FEATURE | Posted March 30, 2016

A doll like me

Pediatric cancer patient receives donated American Girl doll without hair

Photograph of Reese and her doll  © UC Regents
Reese Baker, who has childhood leukemia, poses with her doll, Tracy.

Reese Baker of Wilton, California, enjoys the first grade, being a part of her local soccer team and playing with her dolls. But since her diagnosis of b-cell acute lymphoblastic leukemia (ALL) in October 2015, those things all look a little bit different.

She’s now homeschooled, can’t physically play with her soccer team and her favorite doll doesn’t have hair.

Photograph of Jacquelyn Kay-Mills © UC Regents“We wanted to give Reese a doll that was as distinctive as she is.”

— Jacquelyn Kay-Mills

Using grant money from the UC Davis Children’s Miracle Network, Reese received an American Girl doll without hair. CMN donates the dolls to UC Davis pediatric patients who are going through chemotherapy so they can experience treatment together.
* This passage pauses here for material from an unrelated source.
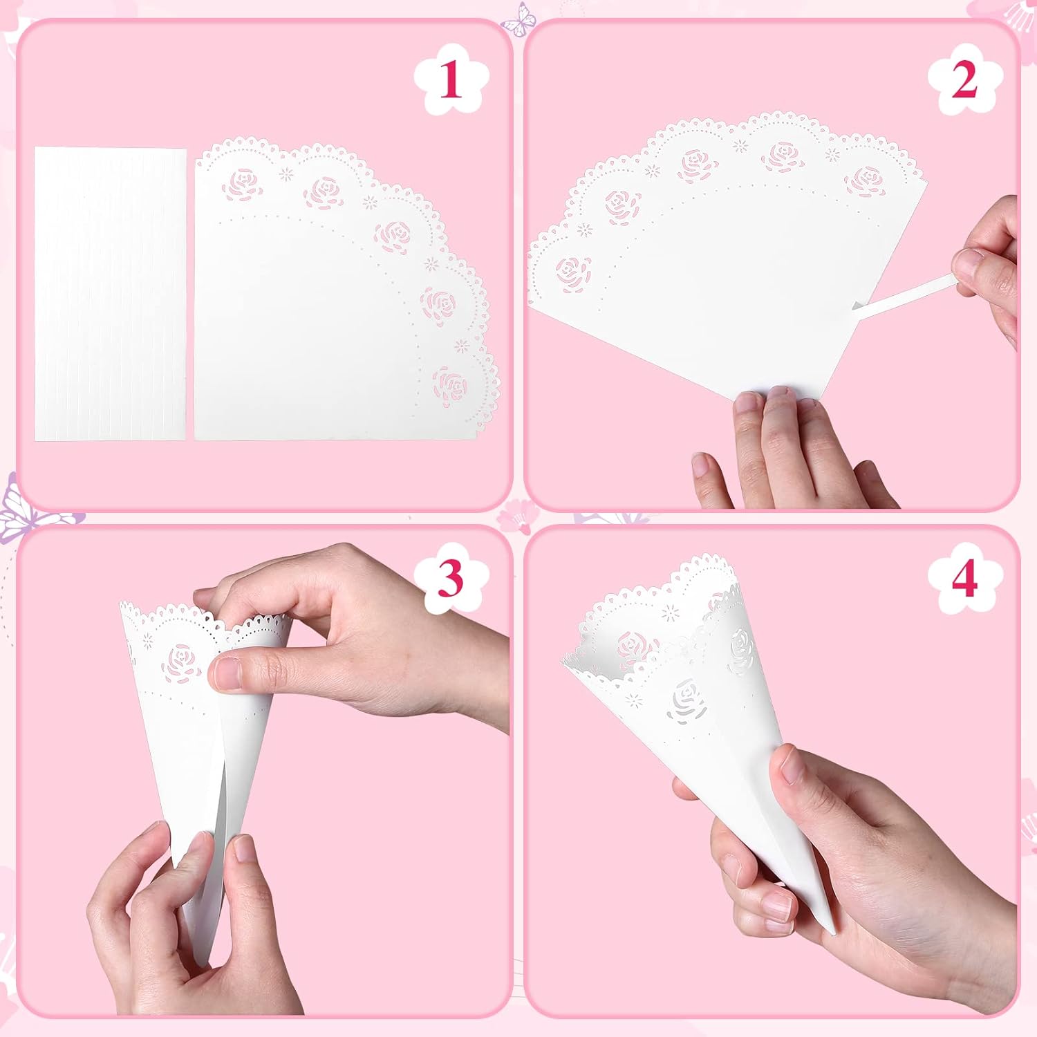 • Rose Confetti Petal Cone---Made from white lace paper doilies, exquisite and elegant

“We wanted to give Reese a doll that was as distinctive as she is,” said Jacquelyn Kay-Mills, director of development at Children’s Miracle Network at UC Davis. “CMN grants offer amazing opportunities to change a life, and this program is an amazing example of that.”

Reese’s doll arrived the week of Christmas, and she named her Tracy Paisley Baker (Tracy after her first-grade teacher).

Mild symptoms linger, lead to leukemia diagnosis

Before her ALL diagnosis, Reese had minor symptoms — fatigue, low-grade fever, aches in her arms and legs, and eventually bruising. Her parents, Lisa and Chris, knew something was wrong. After a blood test revealed her platelets were critically low, Reese was admitted to UC Davis Children’s Hospital. She then was diagnosed and began treatment within the span of a week.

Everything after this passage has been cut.